— AVAILABLE DATA —
►
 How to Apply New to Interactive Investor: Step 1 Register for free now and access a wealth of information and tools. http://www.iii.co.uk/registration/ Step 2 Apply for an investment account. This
◄
►
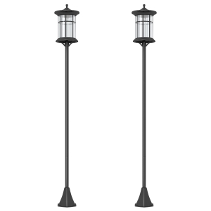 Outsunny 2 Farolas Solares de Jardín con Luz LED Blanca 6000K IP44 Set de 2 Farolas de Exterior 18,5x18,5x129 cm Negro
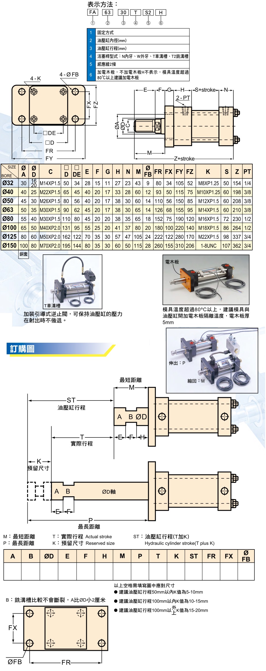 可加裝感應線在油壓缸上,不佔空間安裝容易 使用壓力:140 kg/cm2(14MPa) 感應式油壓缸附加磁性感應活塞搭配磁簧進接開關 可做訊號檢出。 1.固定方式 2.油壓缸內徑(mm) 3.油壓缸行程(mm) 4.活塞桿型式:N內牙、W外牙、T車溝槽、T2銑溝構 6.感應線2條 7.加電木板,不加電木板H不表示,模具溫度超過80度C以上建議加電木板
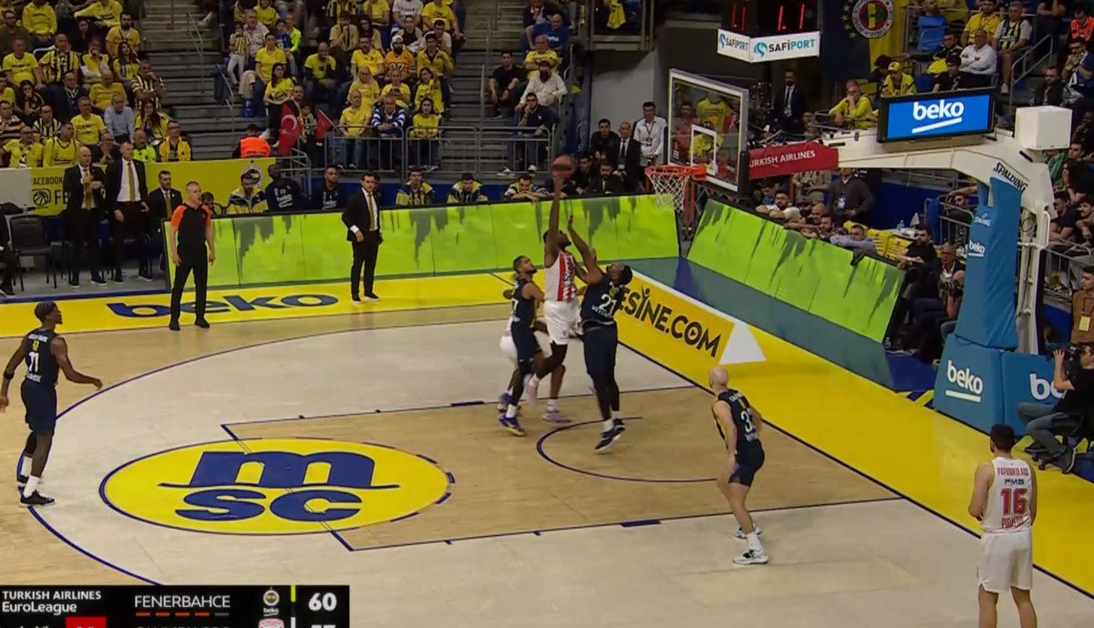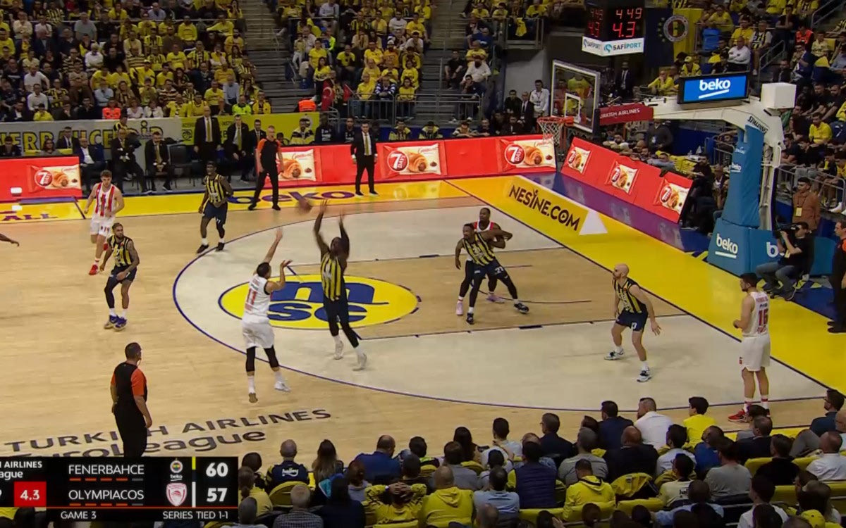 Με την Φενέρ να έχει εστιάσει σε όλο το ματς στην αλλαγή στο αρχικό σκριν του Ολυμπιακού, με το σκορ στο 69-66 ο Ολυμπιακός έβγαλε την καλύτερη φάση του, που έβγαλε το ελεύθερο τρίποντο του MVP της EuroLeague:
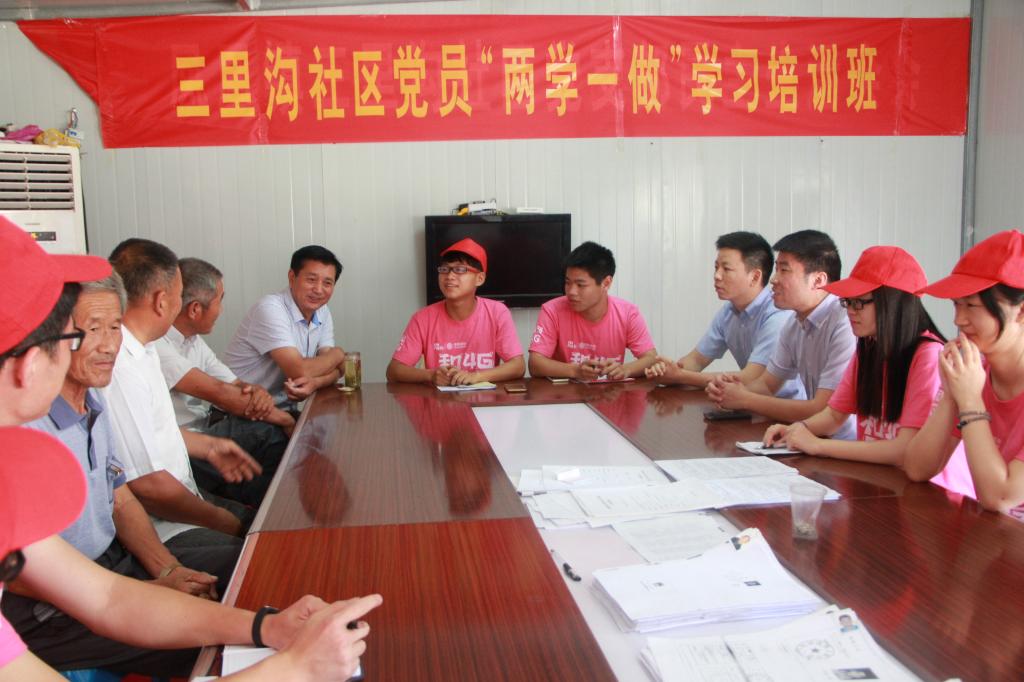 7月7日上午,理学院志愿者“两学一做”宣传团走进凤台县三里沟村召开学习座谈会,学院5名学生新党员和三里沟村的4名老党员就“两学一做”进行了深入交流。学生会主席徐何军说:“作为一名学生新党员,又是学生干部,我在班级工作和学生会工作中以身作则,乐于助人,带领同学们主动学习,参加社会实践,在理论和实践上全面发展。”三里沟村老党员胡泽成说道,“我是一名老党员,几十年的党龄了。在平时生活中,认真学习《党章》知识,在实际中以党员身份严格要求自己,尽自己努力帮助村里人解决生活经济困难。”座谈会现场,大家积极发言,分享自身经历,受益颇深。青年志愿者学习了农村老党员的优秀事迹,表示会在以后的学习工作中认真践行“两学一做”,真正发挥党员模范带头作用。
◄
►
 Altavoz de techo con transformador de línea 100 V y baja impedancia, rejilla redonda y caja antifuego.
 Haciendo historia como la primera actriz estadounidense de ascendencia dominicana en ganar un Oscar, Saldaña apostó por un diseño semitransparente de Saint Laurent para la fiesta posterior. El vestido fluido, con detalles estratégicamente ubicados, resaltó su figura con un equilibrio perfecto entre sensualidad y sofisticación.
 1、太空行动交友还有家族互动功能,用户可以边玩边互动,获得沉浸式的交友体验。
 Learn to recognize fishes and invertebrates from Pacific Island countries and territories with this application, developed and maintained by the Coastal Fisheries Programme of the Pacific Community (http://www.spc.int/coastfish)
◄
If a line of the listing above holds the string "http", copy it.

 How to Apply New to Interactive Investor: Step 1 Register for free now and access a wealth of information and tools. http://www.iii.co.uk/registration/ Step 2 Apply for an investment account. This
 Learn to recognize fishes and invertebrates from Pacific Island countries and territories with this application, developed and maintained by the Coastal Fisheries Programme of the Pacific Community (http://www.spc.int/coastfish)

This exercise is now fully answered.